Also many talks on ways to avoid getting hurt physically. (we watch "1000 ways to die" on Tv, some interesting You tube videos here!) Dad is a good one at that, over dramatyzing an outcome with vivid details. One thing to tell our boys, never have the temptation to pee on an electric Fence! 

We openly talk about anything that 'can" happen in life. Always giving the WHYS behind why we feel the way we do, even explaning the why behind some of the foolish things kids do - in hopes they get the full picture & take care to avoid thees same mistakes in their own lives. Someday they will leave this nest, our teaching will be done, no longer under our watch. 

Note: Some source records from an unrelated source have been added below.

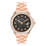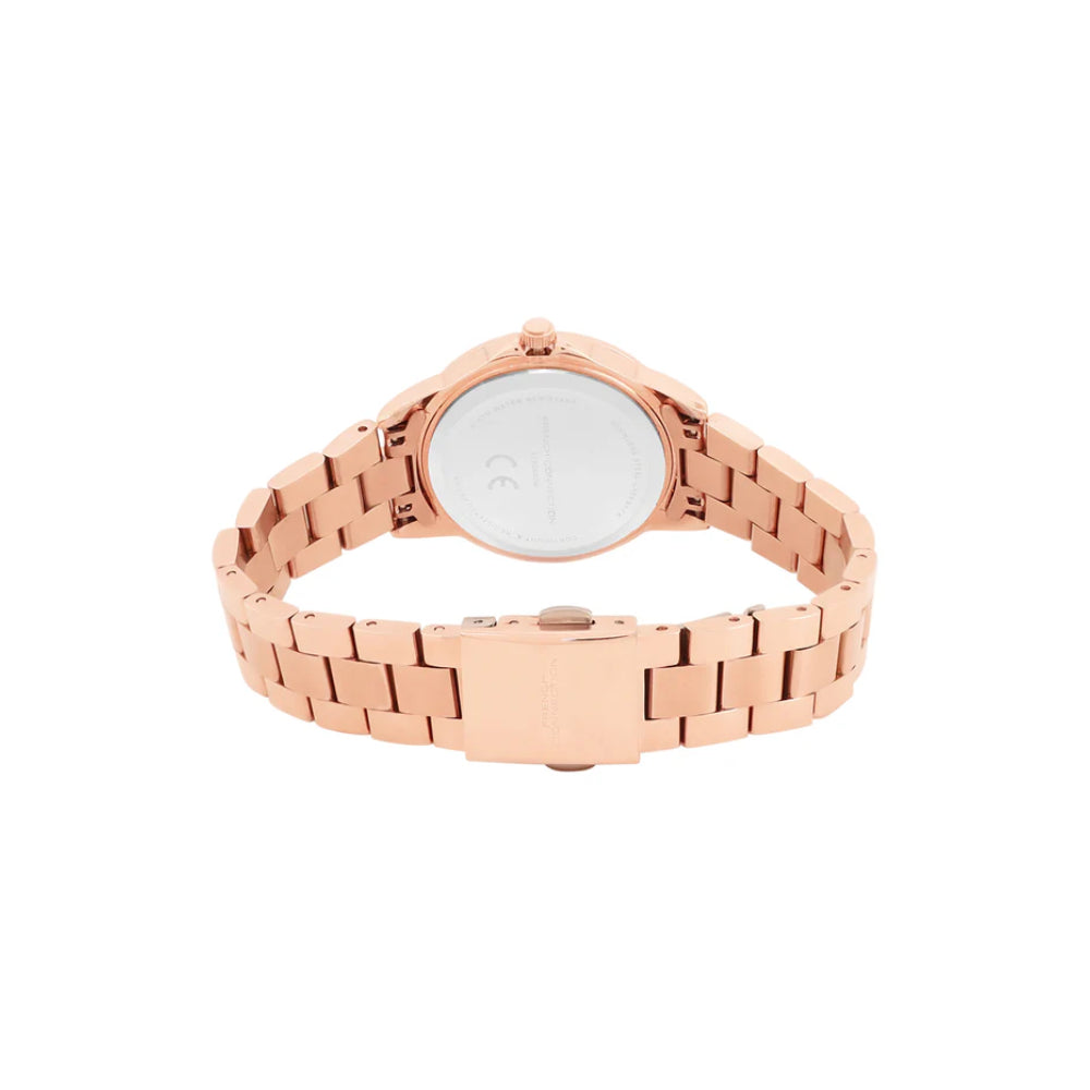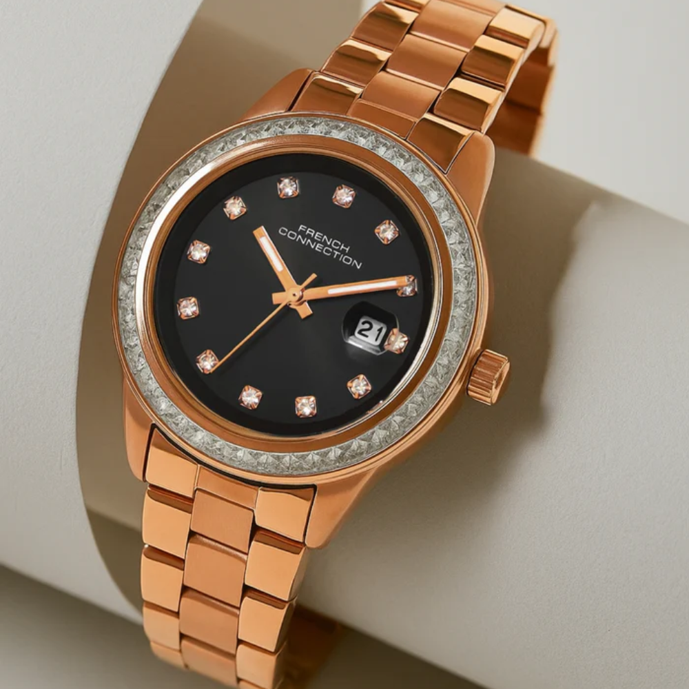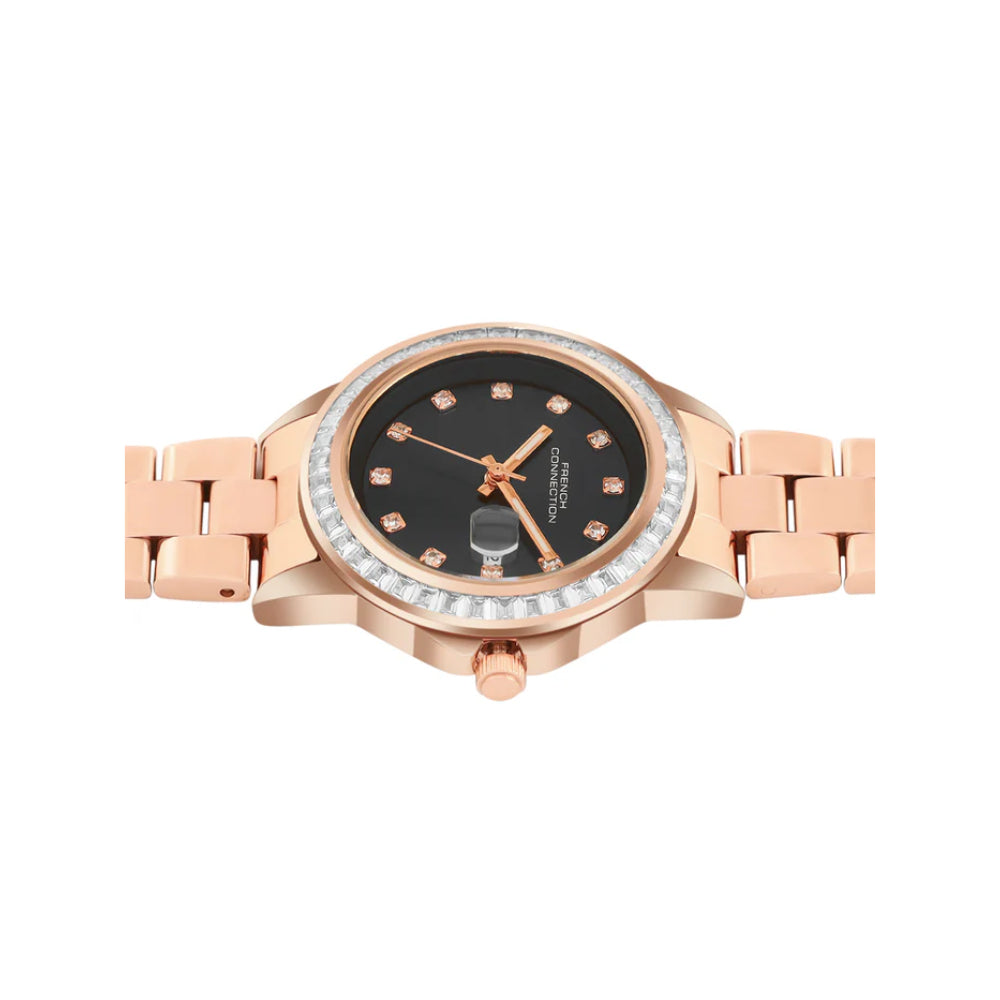 Command sophistication with the French Connection Black Dial Stainless Steel Strap Women's Watch. This elegant timepiece features a classic black dial complemented by a rose gold-tone stainless steel case and matching bracelet strap, creating a striking contrast. The warm metallic finish adds luxury and refinement while the dark dial ensures excellent readability. The polished stainless steel construction guarantees lasting quality and shine. Perfect for the woman who appreciates timeless elegance and the interplay of contrasting finishes. This watch transitions seamlessly from professional environments to evening events, making it an essential accessory for any collection. Model FCH26RGM.
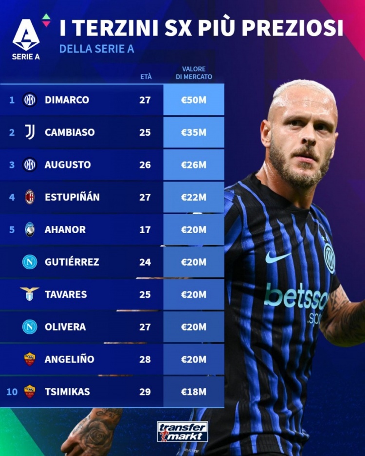 德转盘点意甲左后卫身价排名:迪马尔科5000万欧居首
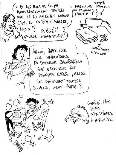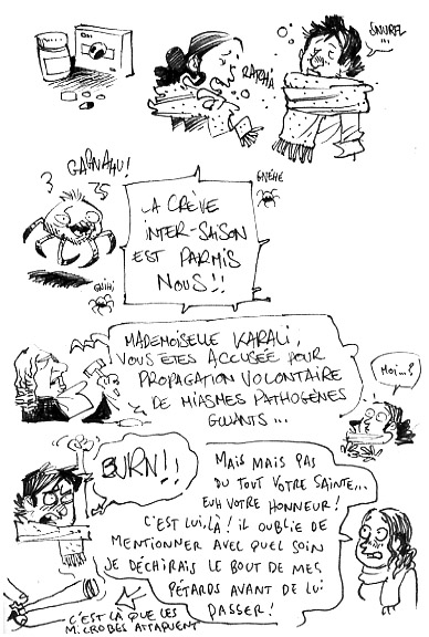 mais c’est à la mode d’avoir la crêve en ce moment ou quoi ? ^_^ – bon rétablissement en tout cas et pis heureusement ça t’empêche pas de dessiner 😛

Even in our area, Great school district, not rampant with the kinds of issues you describe in your Austrailian area at all, and still half of the parents in our church Home School their children, they are worried of this "worldly" influence, so they BLOCK IT, putting up a bubble around their children. Many of these kids are forbiddden to hang with anyone outside of this bubble. 

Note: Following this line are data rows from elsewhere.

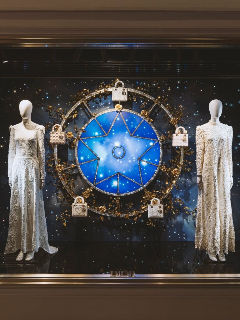 No muy lejos de allí, la selecta Avenue Montaigne se ilumina gracias a Dior. La marca inauguró las festividades el 17 de noviembre en su histórica tienda, donde los escaparates reflejan una nueva etapa de la casa bajo la dirección artística de Jonathan Anderson, invitándonos a un paseo mágico por una de las avenidas más prestigiosas del mundo.
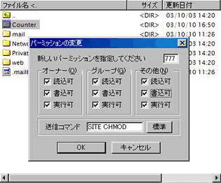 そのディレクトリのパーミッション(アクセス権限)を「777」(フルアクセス)と設定します。
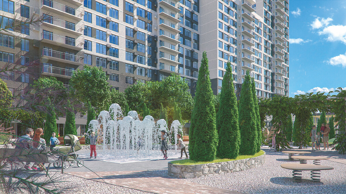 Функциональную часть двора мы сделали максимально детской и семейной, наполнив ее игровыми площадками различной тематики, качелями, аллеями и лужайками, арт-объектами, лаундж-зонами, а также разместили фонтан и водный объект.
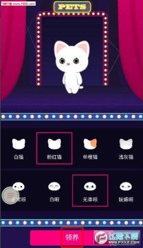 点击出现的【我要领养】,一只原始宠物出现,可以在下方选择外形和面部,分别都有四个选项,选好点【领养】。
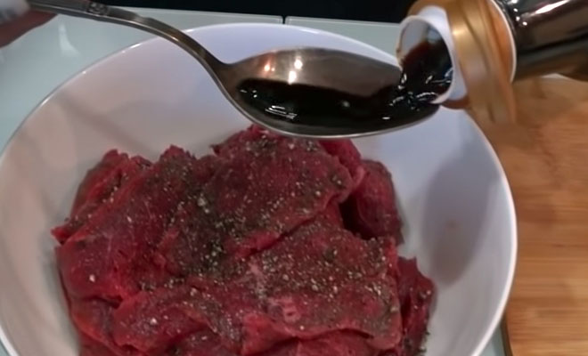 Как только мясо нарезано, переходим к маринадо. Его основа будет из соевого соуса.

I think this is going way too far. Even my oldest son who is very involved with the Church, sings & leads worship even, disagrees. He is more interested in helping the messed up kids in school who are into drugs, sex, angry & lost, who cut themselves, always tried to show these people he cared, than just hanging with the Flock where it is safe & we are sheltered from "bad" things. All the Home schooling angers him. It helps that He has always been one who was not influenced by any peer pressure, very strong minded. He purposely choose a secular college for these reasons. If your child is not, and easily influenced though, could be more danger in allowing them too much freedom. 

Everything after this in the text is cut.